§ **Problem requirements**
Reproduction of part of the material below, pictures omitted: copy exactly, and only, the lines starting with the one with "Сред акцентите за" and going on through the one with "W odniesieniu do".

§ **Given data**
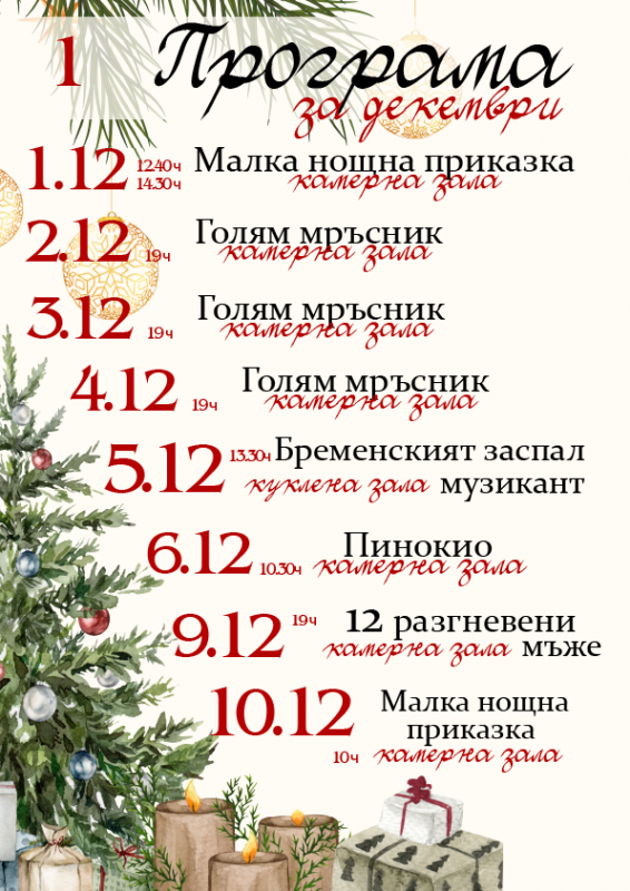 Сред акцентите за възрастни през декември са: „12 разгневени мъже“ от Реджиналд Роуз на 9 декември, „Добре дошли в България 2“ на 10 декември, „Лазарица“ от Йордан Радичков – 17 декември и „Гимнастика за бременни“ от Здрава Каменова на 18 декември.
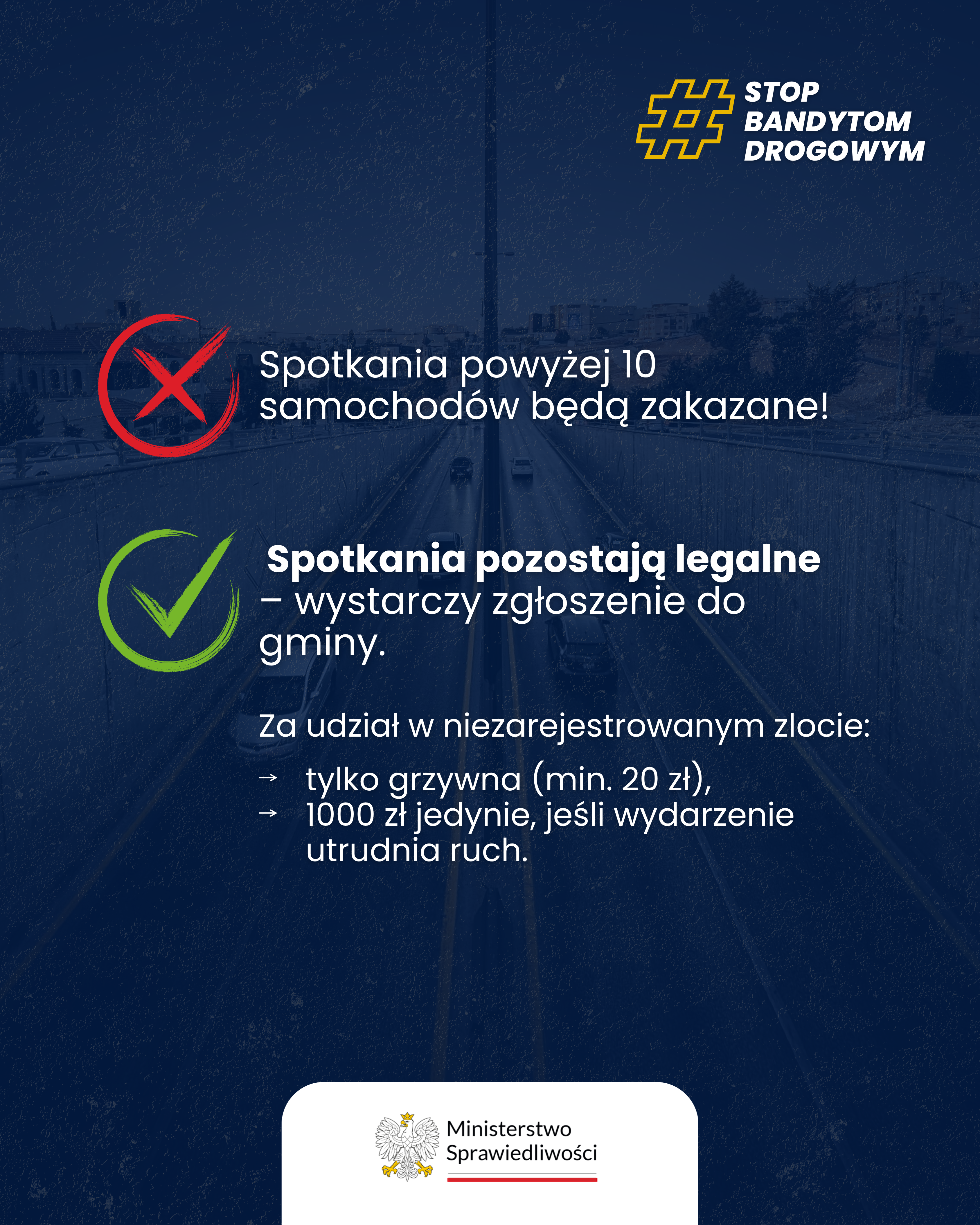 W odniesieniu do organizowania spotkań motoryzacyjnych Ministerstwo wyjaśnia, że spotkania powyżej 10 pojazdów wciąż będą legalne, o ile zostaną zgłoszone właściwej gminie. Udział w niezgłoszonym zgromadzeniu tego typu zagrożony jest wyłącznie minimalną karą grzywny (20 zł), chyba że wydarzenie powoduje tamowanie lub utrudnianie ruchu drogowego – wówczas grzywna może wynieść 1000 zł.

...

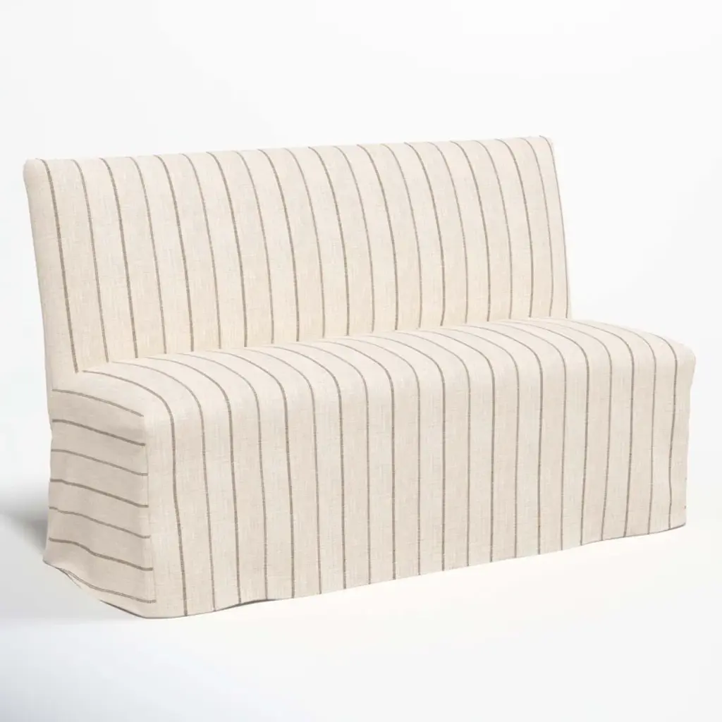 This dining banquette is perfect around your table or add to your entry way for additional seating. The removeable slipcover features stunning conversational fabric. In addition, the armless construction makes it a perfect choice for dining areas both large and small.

§ **Completed exercise**
 Сред акцентите за възрастни през декември са: „12 разгневени мъже“ от Реджиналд Роуз на 9 декември, „Добре дошли в България 2“ на 10 декември, „Лазарица“ от Йордан Радичков – 17 декември и „Гимнастика за бременни“ от Здрава Каменова на 18 декември.
 W odniesieniu do organizowania spotkań motoryzacyjnych Ministerstwo wyjaśnia, że spotkania powyżej 10 pojazdów wciąż będą legalne, o ile zostaną zgłoszone właściwej gminie. Udział w niezgłoszonym zgromadzeniu tego typu zagrożony jest wyłącznie minimalną karą grzywny (20 zł), chyba że wydarzenie powoduje tamowanie lub utrudnianie ruchu drogowego – wówczas grzywna może wynieść 1000 zł.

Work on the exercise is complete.